R package for the identification of biological modulators in context-specific gene regulation using local energy statistics
Depends:
R(>=3.3.2)
Rcpp, RcppArmadillo, infotheo
Authors:
Teppei Shimamura
Contact: shimamura[at]med.nagoya-u.ac.jp
To install GIMLET package, we start R and run the following codes on R console:
library(devtools)
install_github("tshimam/GIMLET")
We propose a novel method, genome-wide identification of modulators using local energy statistical test (GIMLET), to identify biological modulators that contribute to transcription factor activities. GIMLET takes data matrices (for example, expression, copy number, and mutation data matrix for n samples) of regulators, their target genes, and modulators as inputs, and calculates a new dependence measure, called local distance correlation, to compare the difference of distance correlation at low and high values of given modulators. Local distance correlation is used for modeling the relationships between regulators and their target genes at the fixed point of modulators. GIMLET calculates a statistical significance whether local distance correlation varies with modulators using a permutation-based approach.

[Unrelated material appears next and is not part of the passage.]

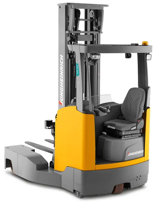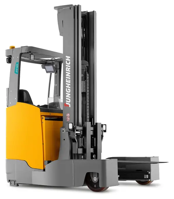 The versatile and manoeuvrable ETV Q multi-directional reach trucks are the perfect choice wherever oversized goods have to be transported in narrow aisles and lifted to great heights. The electric all-wheel steering allows for the particularly space-saving transport of loads up to eight metres long. 360° steering for minimum turning radius, extremely quick changes of travel direction and five available steering modes ensure highly efficient and safe handling of the truck. From modified normal travel and turning on the spot to sideways and parallel travel – everything is possible. And pre-programmed: Just a simple tap on the control panel and the truck moves in the desired mode. Easy and intuitive handling, excellent visibility, high energy efficiency and various assistance systems render our ETV Q the most versatile helpers in every warehouse.

- X: a data matrix of regulators
- Y: a data matrix of targets
- Z: a data matrix of modulators
- r: a number of the upper and lower points of Z, that is, |U_Z| and |L_Z| in equation (4). The default value is 1.

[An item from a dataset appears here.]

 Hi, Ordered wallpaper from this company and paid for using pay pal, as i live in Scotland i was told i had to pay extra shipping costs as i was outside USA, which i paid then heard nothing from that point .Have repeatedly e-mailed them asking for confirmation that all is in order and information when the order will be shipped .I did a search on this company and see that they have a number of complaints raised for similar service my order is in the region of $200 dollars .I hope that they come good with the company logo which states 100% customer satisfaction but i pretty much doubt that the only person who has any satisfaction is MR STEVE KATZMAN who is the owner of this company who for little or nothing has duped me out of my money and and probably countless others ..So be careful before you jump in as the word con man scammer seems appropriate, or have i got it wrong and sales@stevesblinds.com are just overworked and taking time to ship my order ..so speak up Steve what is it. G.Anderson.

- delta: a tuning parameter that indicates the proportion of neighbors in the Euclidean distance of Z. The default value is 0.3.

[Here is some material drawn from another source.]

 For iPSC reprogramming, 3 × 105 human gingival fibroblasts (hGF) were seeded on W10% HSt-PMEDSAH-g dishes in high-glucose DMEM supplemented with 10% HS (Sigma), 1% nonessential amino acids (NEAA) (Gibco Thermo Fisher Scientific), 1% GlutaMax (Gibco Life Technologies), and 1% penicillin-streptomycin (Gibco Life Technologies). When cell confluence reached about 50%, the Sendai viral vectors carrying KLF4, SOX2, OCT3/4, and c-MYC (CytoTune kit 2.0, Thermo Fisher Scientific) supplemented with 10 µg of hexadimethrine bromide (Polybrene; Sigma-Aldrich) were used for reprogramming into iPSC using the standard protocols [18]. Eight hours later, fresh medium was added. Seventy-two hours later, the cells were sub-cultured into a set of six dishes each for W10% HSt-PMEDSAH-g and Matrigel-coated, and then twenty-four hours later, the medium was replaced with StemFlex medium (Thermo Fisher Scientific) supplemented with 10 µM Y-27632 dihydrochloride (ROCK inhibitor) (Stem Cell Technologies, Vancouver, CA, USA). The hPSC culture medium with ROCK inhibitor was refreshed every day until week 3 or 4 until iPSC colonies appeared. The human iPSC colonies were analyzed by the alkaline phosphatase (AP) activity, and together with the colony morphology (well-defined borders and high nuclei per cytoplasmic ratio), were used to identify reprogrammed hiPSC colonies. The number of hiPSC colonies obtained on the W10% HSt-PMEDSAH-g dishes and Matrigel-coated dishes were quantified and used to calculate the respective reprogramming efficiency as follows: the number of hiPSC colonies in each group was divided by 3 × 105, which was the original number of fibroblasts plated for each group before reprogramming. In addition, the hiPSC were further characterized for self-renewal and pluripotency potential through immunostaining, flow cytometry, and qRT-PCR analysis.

- nperm: a number of permutations for calculating the p-value. The default value is 1000.
- type: a character string indicating what type of Z is used. One of "continuous"(default) or "binary" can be abbreviated.
Let denote X, Y, and Z by a regulator, its target gene, and a modulator. We show an example of synthetic data of (X,Y,Z) generated using the endogenous switching regression model where the relationship between X and Y is linear and varies with Z. For details, see the Section 3 in the manuscript.
library("GIMLET")
simn <- 100 # number of simulations
n <- 200 # number of samples
sim.typ <- 1 # 1:M_1, 2:M_2, 3:M_3 in Section 3
fun.typ <- 1 # 1:line, 2: quadratic, 3:cubic, 4:sine period 1/2, 5:sine period 1/8, 6:x^1/4, 7: circle, 8:step
pval_thres <- 0.05 # threshold of significance
pval <- rep(1,simn)
for(k in 1:simn){
cat(k,"/",simn,"\n")
set.seed(k)
if(fun.typ==5|fun.typ==7){
r1 <- 1/6
r2 <- 1
} else {
r1 <- 0.5
r2 <- 3
}
data <- sim(n=n,sim.typ=sim.typ,fun.typ=fun.typ,model=1,r1=r1,r2=r2)
x <- data$x
y <- data$y
z <- data$z
if(is.vector(x)) x <- matrix(x,ncol=1)
if(is.vector(y)) y <- matrix(y,ncol=1)
if(is.vector(z)) z <- matrix(z,ncol=1)
gimlet.obj <- gimlet(x,y,z,1,0.25,1000)
pval[k] <- gimlet.obj$global.p.value
}
mean(pval <= pval_thres)
Teppei Shimamura, Yusuke Matsui, Taisuke Kajino, Satoshi Ito, Takashi Takahashi, and Satoru Miyano, GIMLET: Identifying Biological Modulators in Context-Specific Gene Regulation Using Local Energy Statistics, Accepted in proceedings of CIBB 2017. The post-proceedings version of CIBB 2017 paper is now reviewed.